Впоследствии Е.Е. свой либерализм и независимость любил противопоставлять консерватизму, благоразумию и осторожности А.В.Горского, но он прямо признавал, что своим трудолюбием А.В воодушевлял его в минуты утомления денно-нощным сидением за книгой. Несомненно и весь внешний образ жизни А.В-ча вызывал в Е.Е. глубокое уважение. - Сознательно ли стал он потом подражать своему учителю или же просто, попав в одинаковые условия ученого быта и обладая приблизительно аналогичными запросами ума, он бессознательно воспроизводил в своем быту черты жизни своего учителя, но только в отношении к книге мы наблюдаем здесь почти полное тожество: оба без книг не могли жить, любили ее, собирали, не жалея скудного своего содержания, оба беседовали с нею, как с живою, выражая свою беседу в форме бесчисленных заметок или на полях книги или на отдельных листочках, оба завещали свое книжное наследие родной Академии. 
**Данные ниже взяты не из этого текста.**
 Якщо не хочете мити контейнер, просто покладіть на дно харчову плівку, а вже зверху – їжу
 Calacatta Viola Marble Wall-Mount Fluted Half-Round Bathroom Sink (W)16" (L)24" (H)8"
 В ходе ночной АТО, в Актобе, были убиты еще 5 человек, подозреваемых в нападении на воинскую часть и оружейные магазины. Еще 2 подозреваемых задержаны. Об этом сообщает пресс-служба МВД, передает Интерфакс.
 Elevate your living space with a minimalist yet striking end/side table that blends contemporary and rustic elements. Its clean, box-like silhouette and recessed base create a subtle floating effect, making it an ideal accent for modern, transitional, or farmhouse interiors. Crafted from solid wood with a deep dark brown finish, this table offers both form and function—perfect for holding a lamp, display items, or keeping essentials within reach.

Эти заметки правда имеют разное значение. А.В.Горский, напечатавший сравнительно лишь немногое из своих бесчисленных научных изысканий, часто не доводивший своего исследования до окончательно обработанной готовой к печати литературной формы, в заметках своих оставил очень значительную часть своего научного наследия; быв для многих источником вдохновения и надежным руководством в научных изысканиях, они, к сожалению, до сих пор остаются неразработанными и неизвестными широкой публике, скрывая от нее многие черты светлого облика и многие значительные наблюдения и мысли скромнейшего и ученейшего труженика. 
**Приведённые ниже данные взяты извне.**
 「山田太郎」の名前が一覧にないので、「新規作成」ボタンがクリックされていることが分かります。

Е.Е.Голубинскому, напротив, удалось ещ± при жизни издать главнейшие свои научные труды; в них в окончательном, несомненно, виде изложена большая часть тех мыслей, которые намечались лишь в свое время при чтении того или иного труда или памятника и выливались в форме необработанной заметки на полях или белых листах самой книги. Таким образом, едва ли можно расчитывать найти в настоящем издании действительно ценные в научном отношении замечания, которые бы не были так или иначе уже использованы и опубликованы самим автором. Однако этим не упраздняется совершенно научный интерес печатаемых ниже заметок. Многих из них, относящихся к частностям либо к области различных вспомогательных дисциплин, или совсем нет в изданных сочинениях Е.Е-ча или их можно там найти в обобщении и переработке, а между тем они могут быть полезны именно в своем первоначальном виде, особенно те из них, которые относятся к текстам первостепенных по своему значению исторических памятников.  
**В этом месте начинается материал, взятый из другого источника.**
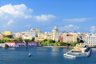 カリブ海に浮かぶプエルトリコ。首都サン・ファンはカリブ海クルーズの寄港地にもなっ...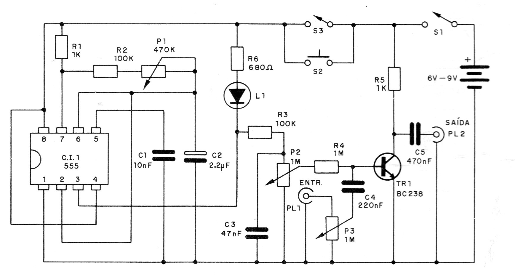 Este circuito fue encontrado en una publicación de 1986. La velocidad del efecto es determinada por el 555, siendo ajustada en P1. El circuito tiene diversos ajustes, como intensidad del efecto y atenuación de agudos. Los cables de entrada y salida de señales deben ser blindados.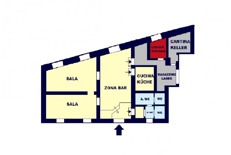Laivescv25001locale ristoranteape: gcat. C1aria condizionataspese condominiali: 0in zona centrale a laives, in via kennedy, vendiamo un locale adibito ad attività ristorativa.attualmente dispone di ca.40 posti a sedere, due sale, un bancone bar.il locale viene venduto con l'arredo e quindi 'pronto all'uso'non si tratta di vendita dell'attività bensù dell'immobile.stai pensando di smettere di pagare un affitto per la tua attività e di portare le tue capacità da ristoratore dentro a le 'tue' mura?allora chiamaci o scrivici una mail per fissare una visita.

Кроме этого заметки эти могут оказать большую услугу лицам, работающим в области истории церковной, а отчасти и гражданской, делая для них возможным, при чтении соответствующих книг и изучении предмета, научное общение с таким авторитетным собеседником и комментатором, как Е.Е.Голубинский. Главная же ценность печатаемых заметок, которая в данном разе, при изучении книги, особенно имеется в виду, заключается в том, что они дают обильный материал частью для биографии, а больше для характеристики покойного, как ученого и человека.  

Если справедлива пословица, которая говорит: "скажи, с кем ты знаком и я скажу, кто ты", то, в отношении к Е.Е.Голубинскому, ясно, какое она может иметь приложение: чтобы безошибочно судить о нем, проникнуть в сокровенное его научной мысли и его духа, надо ближе приглядеться к его единственныму неизменному другу - книге, посмотреть какую книгу и для каких целей собирал он в свою библиотеку, надо прочитать ту переписку, которую он в течение 50-ти слишком лет в виде напольных заметок вел с этим своим другом о всевозможных вопросах науки и жизни, о целом ряде современников своих и предшественников, с которыми ему приходилось сталкиваться или в жизни или, как то случалось в большинстве, на страницах той же самой книги. Необходимо лишь, чтобы не делать ошибок, твердо помнить, что здесь далеко не все книги, с которыми он имел дело: значительно большее количество их он получал из академической и других библиотек для временного пользования и с ними имел такую же переписку в виде таких же заметок. 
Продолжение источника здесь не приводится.